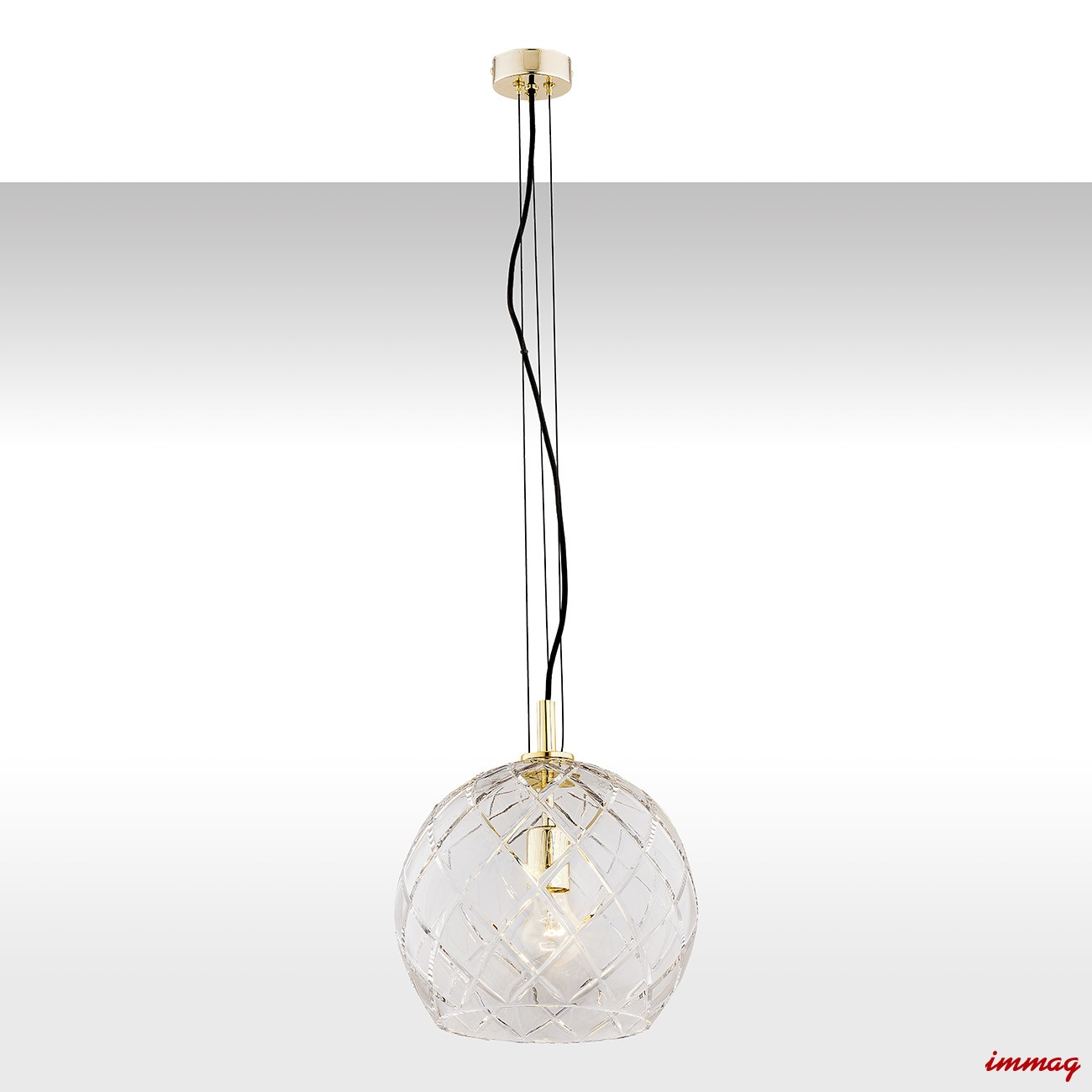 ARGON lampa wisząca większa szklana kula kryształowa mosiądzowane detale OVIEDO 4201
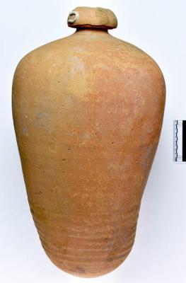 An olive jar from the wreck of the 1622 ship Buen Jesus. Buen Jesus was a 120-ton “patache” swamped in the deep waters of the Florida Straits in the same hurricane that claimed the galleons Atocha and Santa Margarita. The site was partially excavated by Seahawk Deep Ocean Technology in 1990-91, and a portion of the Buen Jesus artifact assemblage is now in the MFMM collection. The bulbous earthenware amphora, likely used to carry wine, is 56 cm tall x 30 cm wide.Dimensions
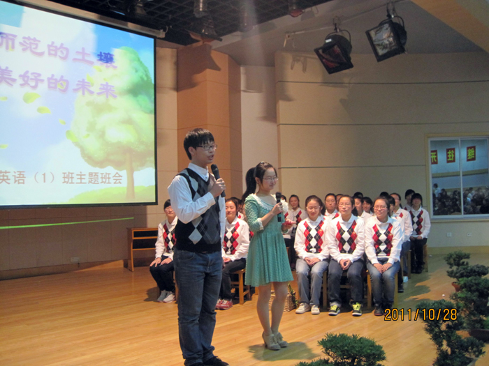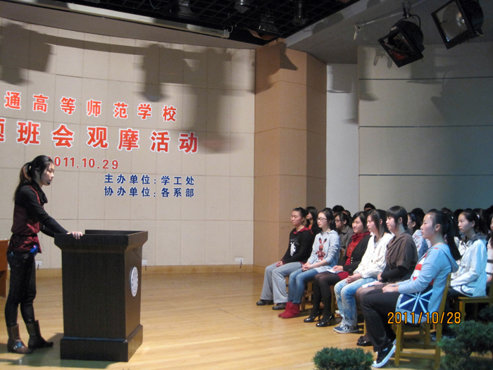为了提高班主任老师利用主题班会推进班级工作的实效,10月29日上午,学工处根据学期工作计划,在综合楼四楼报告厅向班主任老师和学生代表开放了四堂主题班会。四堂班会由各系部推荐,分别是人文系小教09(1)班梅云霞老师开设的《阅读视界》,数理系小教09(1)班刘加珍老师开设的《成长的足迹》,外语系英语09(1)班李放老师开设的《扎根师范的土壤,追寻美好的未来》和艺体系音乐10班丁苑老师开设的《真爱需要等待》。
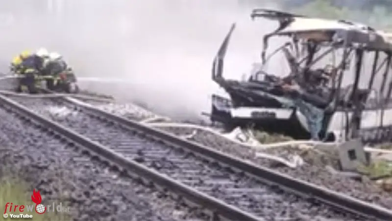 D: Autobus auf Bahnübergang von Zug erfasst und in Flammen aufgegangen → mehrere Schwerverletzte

....

» **TASK REQUIREMENTS**
Restate exactly, please, only the lines between the start of the data and the line containing "An olive jar", both ends included, skipping the pictures.

» **WRITTEN ANSWER**
 ARGON lampa wisząca większa szklana kula kryształowa mosiądzowane detale OVIEDO 4201
 An olive jar from the wreck of the 1622 ship Buen Jesus. Buen Jesus was a 120-ton “patache” swamped in the deep waters of the Florida Straits in the same hurricane that claimed the galleons Atocha and Santa Margarita. The site was partially excavated by Seahawk Deep Ocean Technology in 1990-91, and a portion of the Buen Jesus artifact assemblage is now in the MFMM collection. The bulbous earthenware amphora, likely used to carry wine, is 56 cm tall x 30 cm wide.Dimensions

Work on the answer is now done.